Search teams were dispatched, authorities alerted, helicopters and military patrols called in. No good substitute trees could be located so late in the season, and the situation got more desperate and dire with each passing day.

Then, one quiet night just a day before Christmas, one of the town’s youngest little boys, a kind of Tiny Tim clone with small legs and a big heart, was out playing in a snow bank and spied a branch with tinsel on it. He digs it out and rushes home to let the townsfolk know what he has found. A massive search by all the folks in town ensues of all the snowbanks, where more branches are dug out like hidden treasures in the boxes of an advent calendar. The hunt brings the town together as never before and rekindles their yuletide spirits.

The branches are brought to the town square and painstakingly reassembled piece by broken piece with Extra Strength Super Powerful Super Glue into a magnificent Christmas tree again. Lights are strung, ornaments attached, tinsel retossed.

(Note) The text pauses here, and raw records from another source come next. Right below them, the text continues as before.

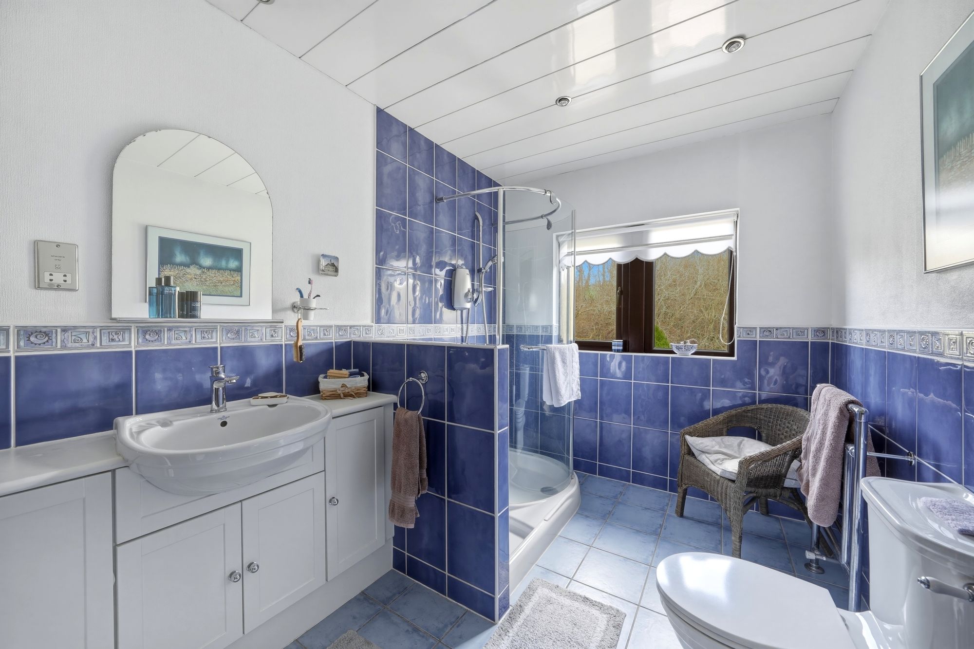With a frosted uPVC double glazed window, inset ceiling downlighters, part tiled walls, Louvre door cylinder cupboard, tiled floor, chrome ladder style heated towel rail and fitted with a suite comprising vanity unit incorporating wash basin with chrome monobloc tap, there are fitted cupboards above together with mirror and pelmet downlighting, low flush w.c and panelled bath with glazed shower screen and mixer tap incorporating hand spray.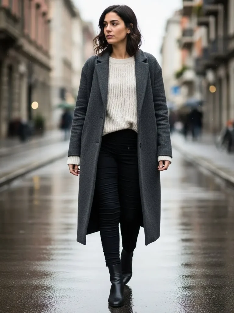 A long charcoal gray coat takes center stage here, worn over a light sweater and fitted black pants, paired with sleek ankle boots.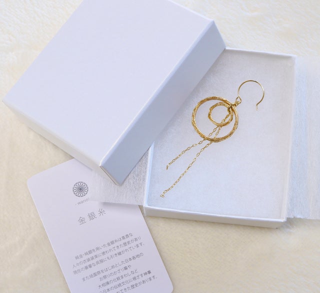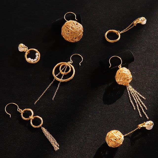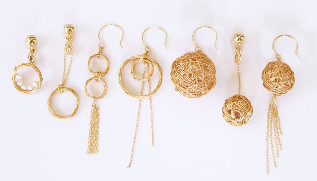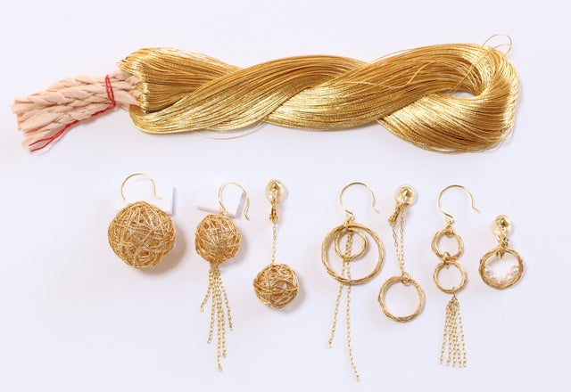 - 京都で受け継がれてきた伝統技術から生まれた本金糸で作り上げられたモダンデザインのジュエリー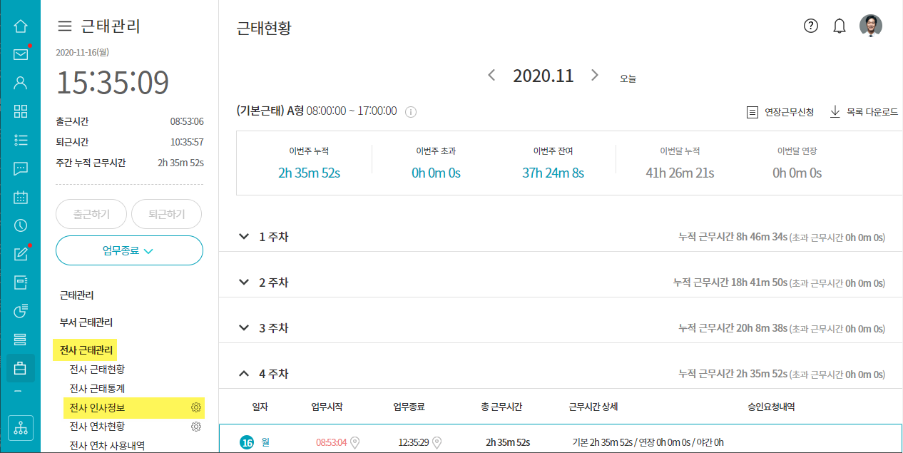 ① 근태관리 ▶ 전사 근태관리 ▶ 전사 인사정보 옆 톱니바퀴

The ending of that story still resonates: All the families of the town gather in a great circle around its reconstructed tree, singing “O Tannenbaum” with a newfound appreciation for the many limbs that make up that sacred evergreen and, by unspoken extension, a fresh appreciation for each other.

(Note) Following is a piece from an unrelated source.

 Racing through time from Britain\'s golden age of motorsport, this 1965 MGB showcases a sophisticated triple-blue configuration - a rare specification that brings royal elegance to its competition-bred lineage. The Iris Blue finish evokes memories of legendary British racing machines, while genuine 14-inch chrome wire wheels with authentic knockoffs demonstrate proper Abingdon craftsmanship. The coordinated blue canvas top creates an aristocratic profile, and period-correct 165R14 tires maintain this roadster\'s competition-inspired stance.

I suppose all our Christmas and holiday traditions are like that tree and my dad’s stories, so freighted with tradition and memory from our holiday gatherings over the years that they become something greater than just stories and branches. They become the sticks of the loom on which we reweave the ties that rebind us every Christmas.

It’s been a long time since those sacred days in St. John’s Parish, where the houses stood like Catholic forts all around the neighborhood, eight kids here, 10 there, 12 over on Josephine Street. Big Catholic families like that are few and far between now, but back then they filled the neighborhood with the constant, joyful screeches of children at play everywhere.

We’ve gotten far away from some of those old religious rituals, too, like caroling concerts in the school cafeteria, my sisters wearing veils to church and midnight Mass with everyone holding a candle so that the church looked like a skyful of those stars over Bethlehem.

And family members and friends who gathered at my dad’s foot have mostly scattered to the four corners, some gone forever, some far removed now from those religious roots. Many of us do our own, individual celebrations now, even more so it seems since the pandemic sapped our will to gather. I sometimes find myself nostalgically longing to put those childhood days and people back together again like that town did that tree.

But funny how the stories remain. Stories that defy time and obliterate distance, stories that we are all still a part of, that still bring us together, that make us who we are. You ever notice that when good friends or family members gather back together after a long time apart they immediately start telling funny stories about memorable or embarrassing moments. Remember when James lit the tinsel on fire and nearly burned down the tree? Remember when Tom dove into the lake at The Broadmoor in his tuxedo? Remember when Justin ate the glass Christmas ornament shaped like a cake, and spent Christmas in the hospital?

We’re retelling our family myths when that happens, reestablishing the narratives that connect us into a larger whole.

Rainer Marie Rilke said it succinctly: The universe is made of stories, not atoms.

Eventually all of us, I suppose, become stories after we’re gone, subsumed into great arcing family narratives that somehow memorialize, uplift and sanctify the hopes and fears of our years together.

And the best-told of those stories, well, let’s pray they last and last, always and forever “Continued Tomorrow Night.”